The U.S. Copyright Office today released its Section 108 Discussion Document. Congress enacted section 108 of Title 17 in 1976, authorizing libraries and archives to reproduce and distribute, without permission, certain copyrighted works on a limited basis for the purposes of preservation, replacement, and research. However, the exceptions outlined in section 108 did not anticipate and no longer address the ways in which copyrighted works are created, distributed, preserved, and accessed in the twenty-first century.

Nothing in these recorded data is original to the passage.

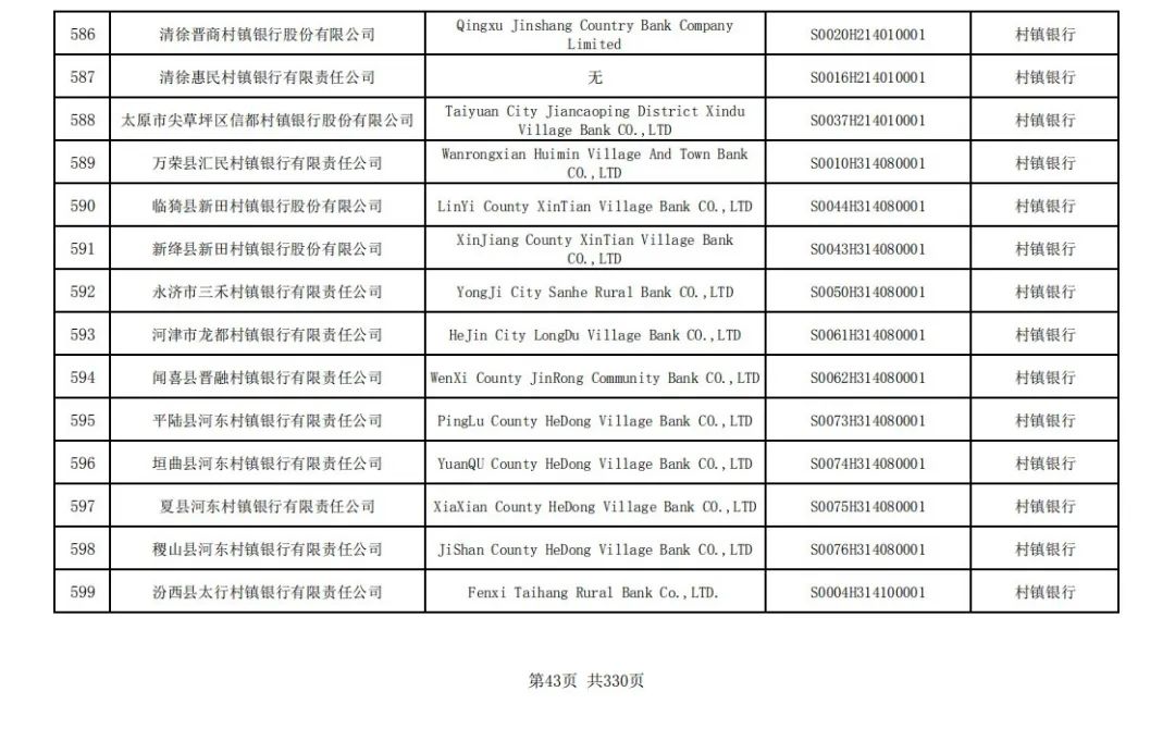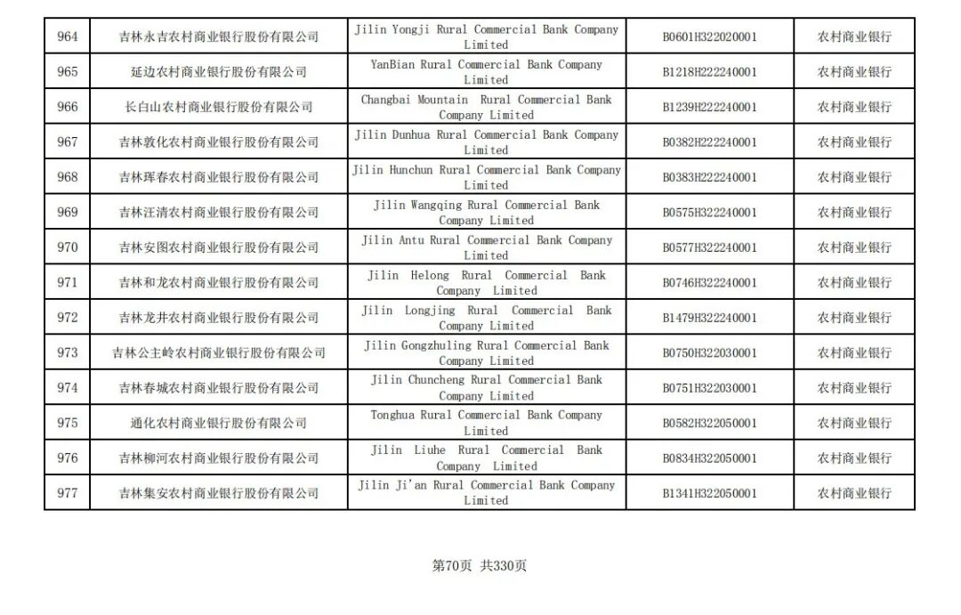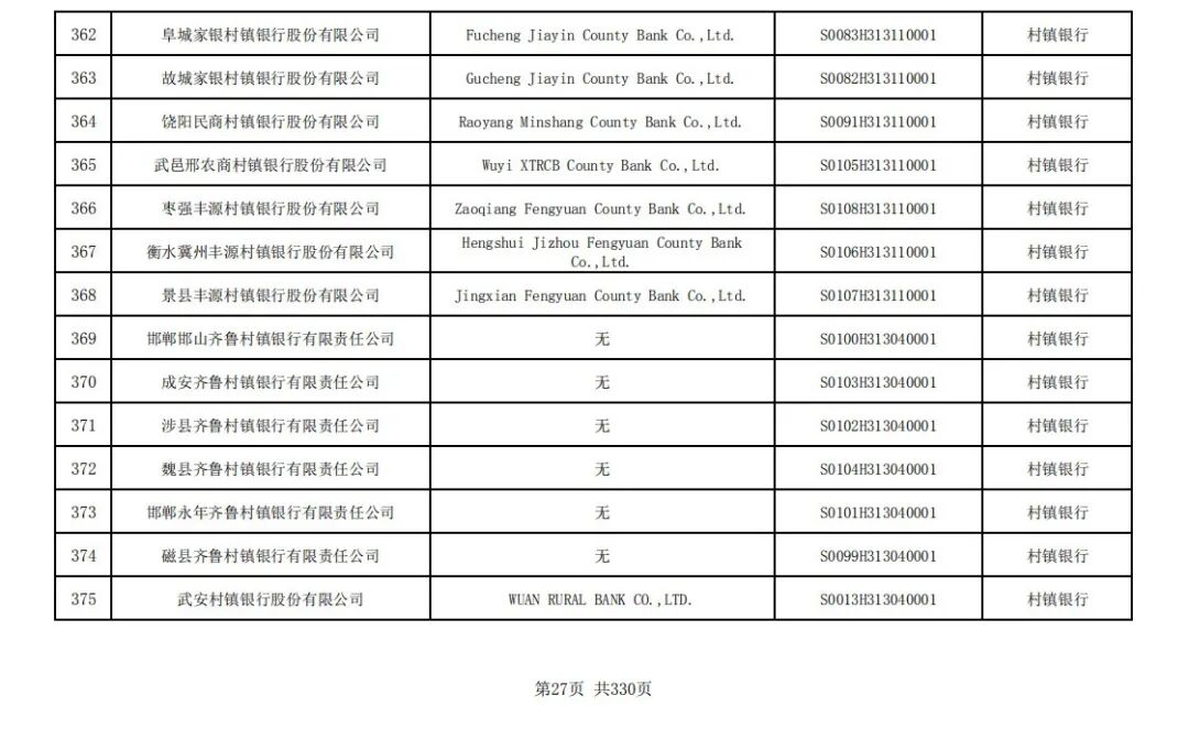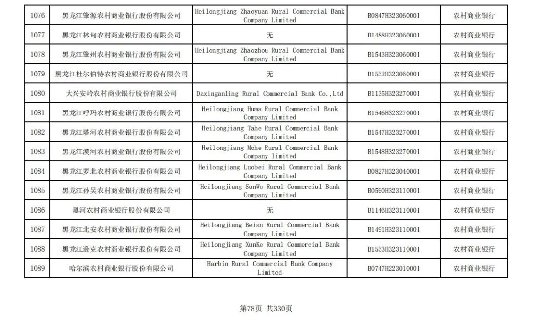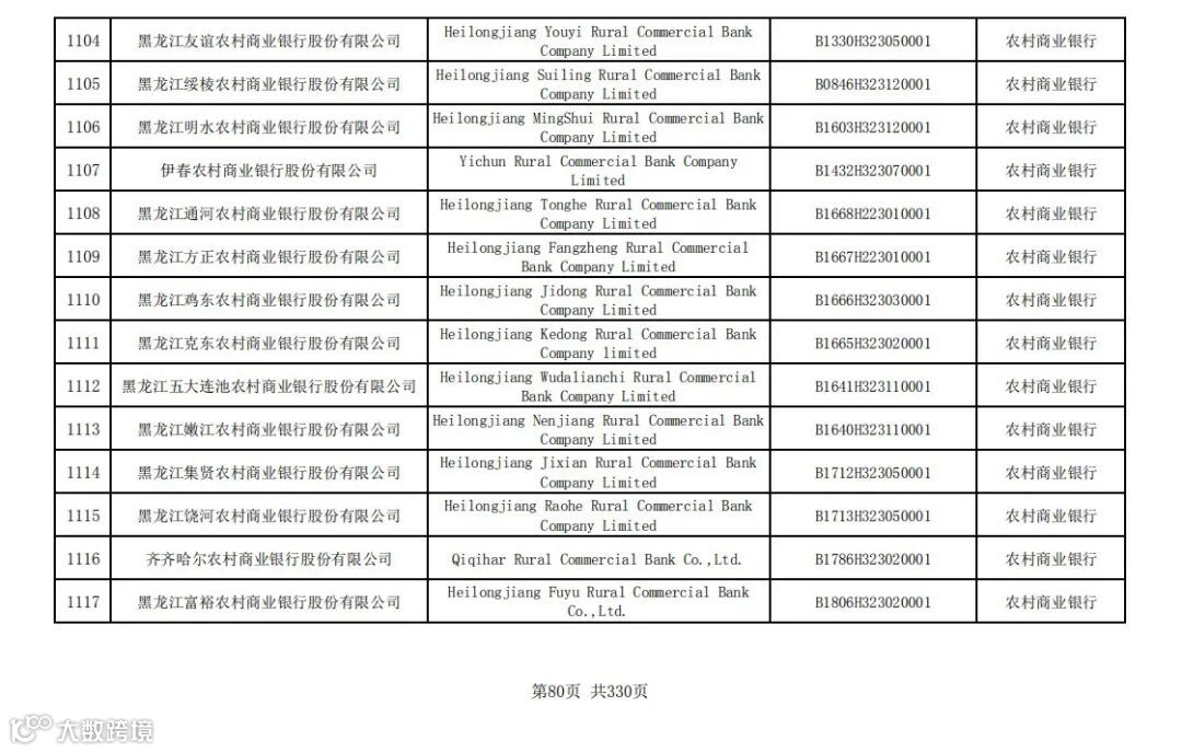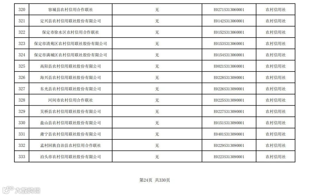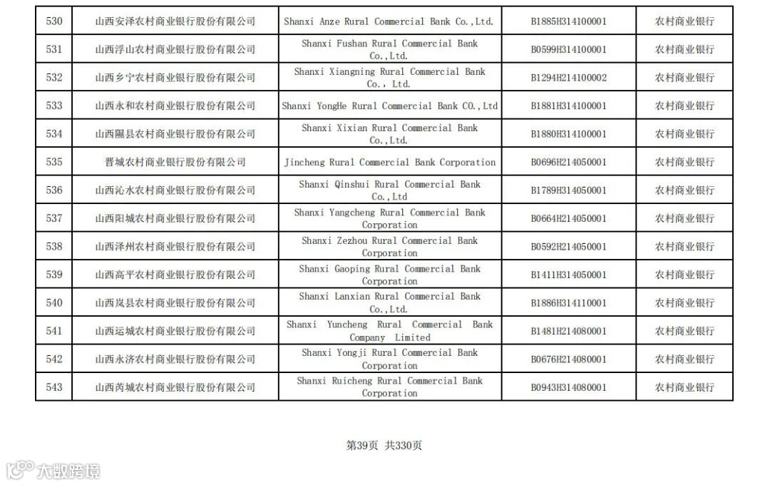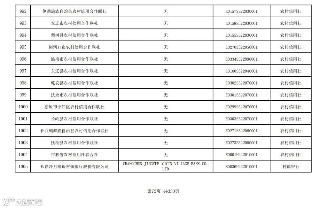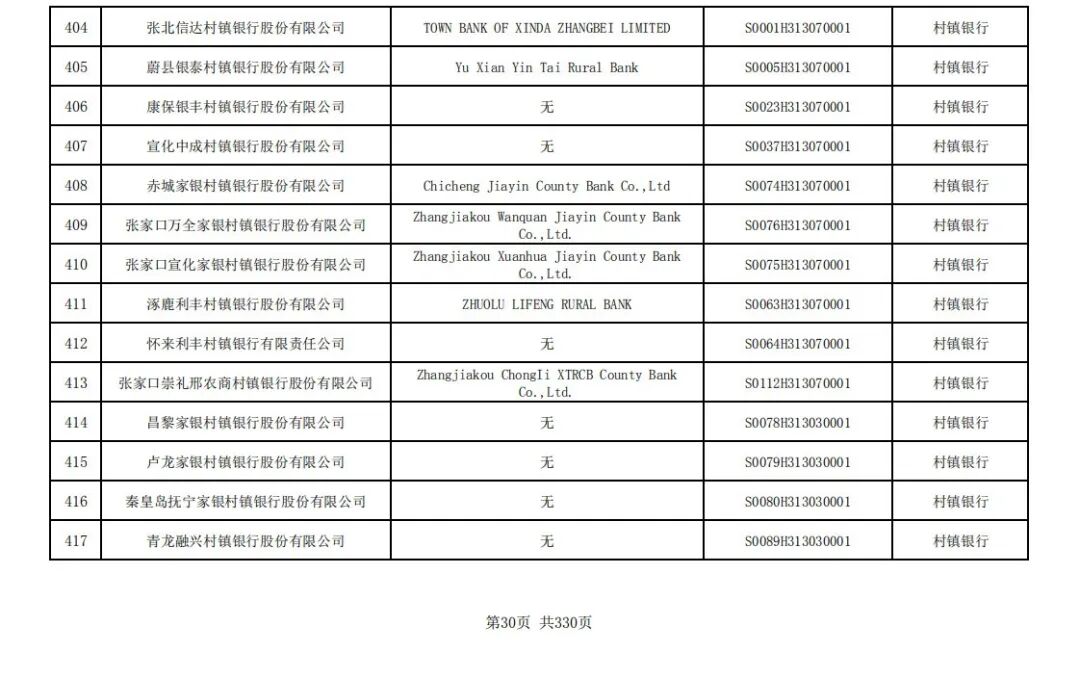 名单中包括1家开发性金融机构、2家政策性银行、6家国有大型商业银行、12家股份制商业银行、5家金融资产管理公司,以及住房储蓄银行、城市商业银行、民营银行、农村商业银行、村镇银行、贷款公司、农村信用社、农村资金互助社、外资法人银行、信托公司、金融租赁公司、企业集团财务公司、汽车金融公司、消费金融公司、货币经纪公司,此外还包括金融资产投资公司、银行理财子公司等在内的其他金融机构等,共计4601家。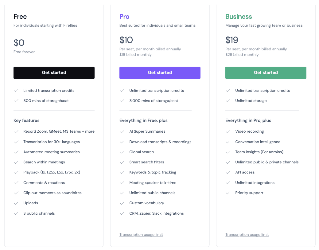 Cost may be a concern, but starting at $18 per user per month, Fireflies.ai offers affordable pricing plans for businesses and enterprises. The value it brings in terms of meeting efficiency and sales acceleration it totally worth the investment.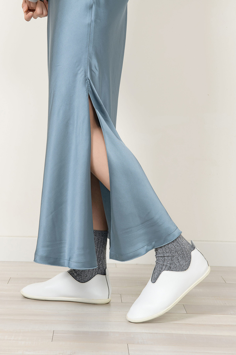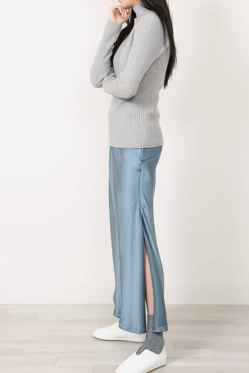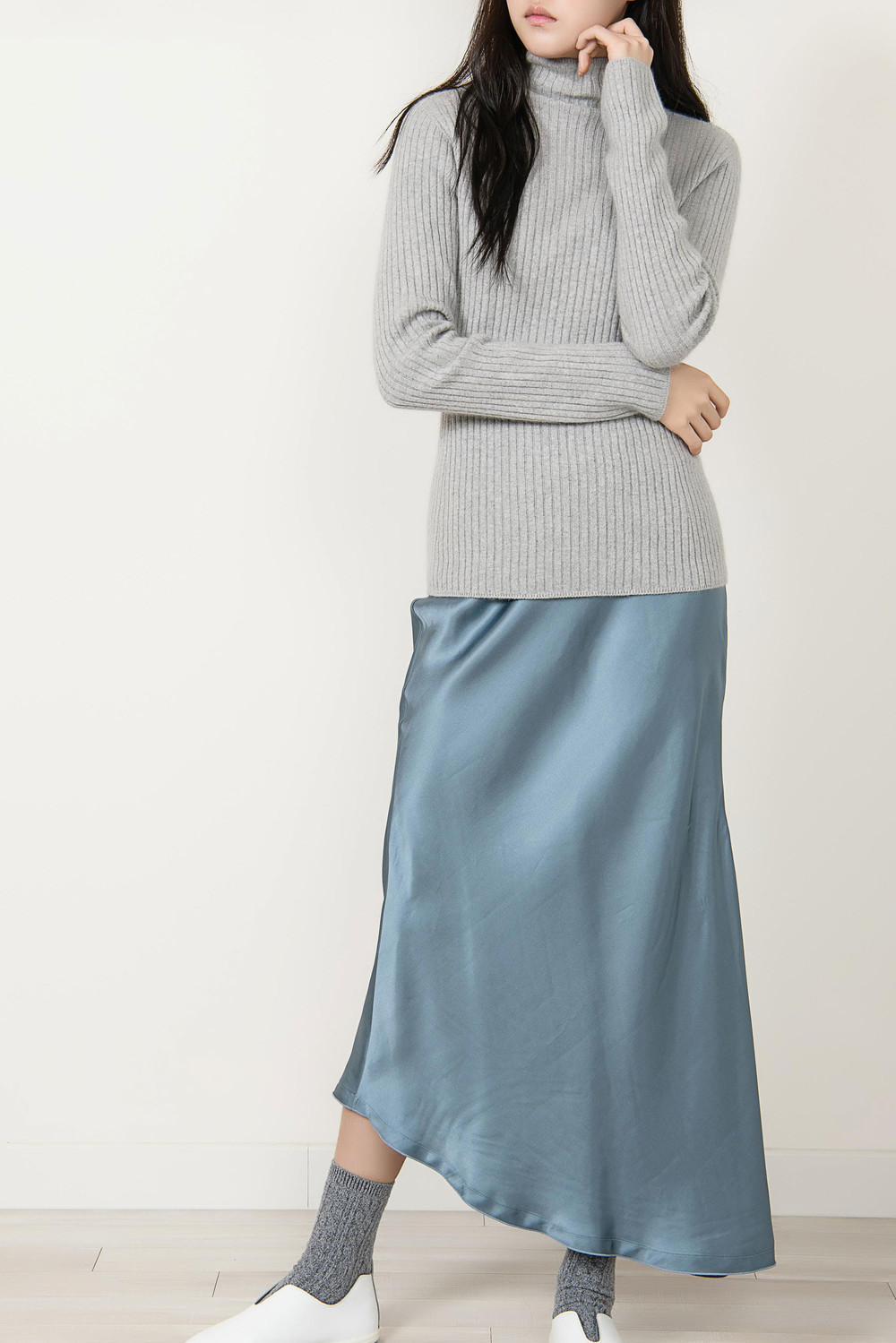 [wasda] UNBALANCE LONG SKIRT BLUE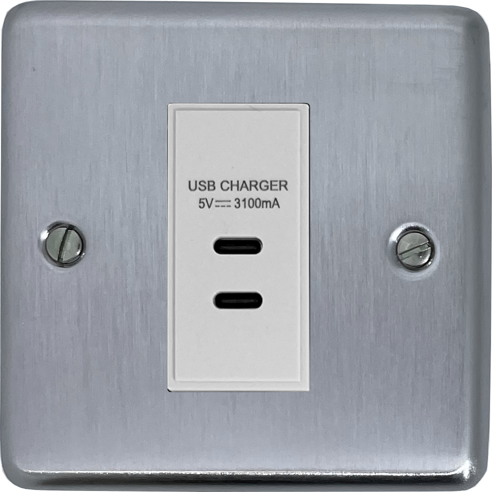 Contour Satin Chrome USB Charger (2x USB-C) (1 Gang/White Insert) - G+H CSC42W

The Discussion Document emphasizes the Copyright Office’s longstanding position that section 108 needs to be updated so that libraries, archives, and museums have a robust, comprehensible, and balanced safe harbor to fulfill their missions. The primary objective of the Discussion Document is to provide a concrete framework for further discussion among stakeholders and members of Congress. In an effort to provide this framework, the Discussion Document includes model statutory language to guide future discussions and to assist in generating consensus on various discrete issues, such as adding museums to the statute; allowing preservation copies to be made of all works in an eligible entity’s collections; replacing the current three-copy limit with a “reasonably necessary” standard when making copies for preservation and research; clarifying the contract supremacy provision to grant libraries, archives, and museums more flexibility to make preservation and security copies of works covered by licensing and purchasing agreements; and eliminating the exclusion of musical, pictorial, graphic, or sculptural works, and motion pictures or other audiovisual works from the provisions permitting copies made upon the request of users, under certain conditions.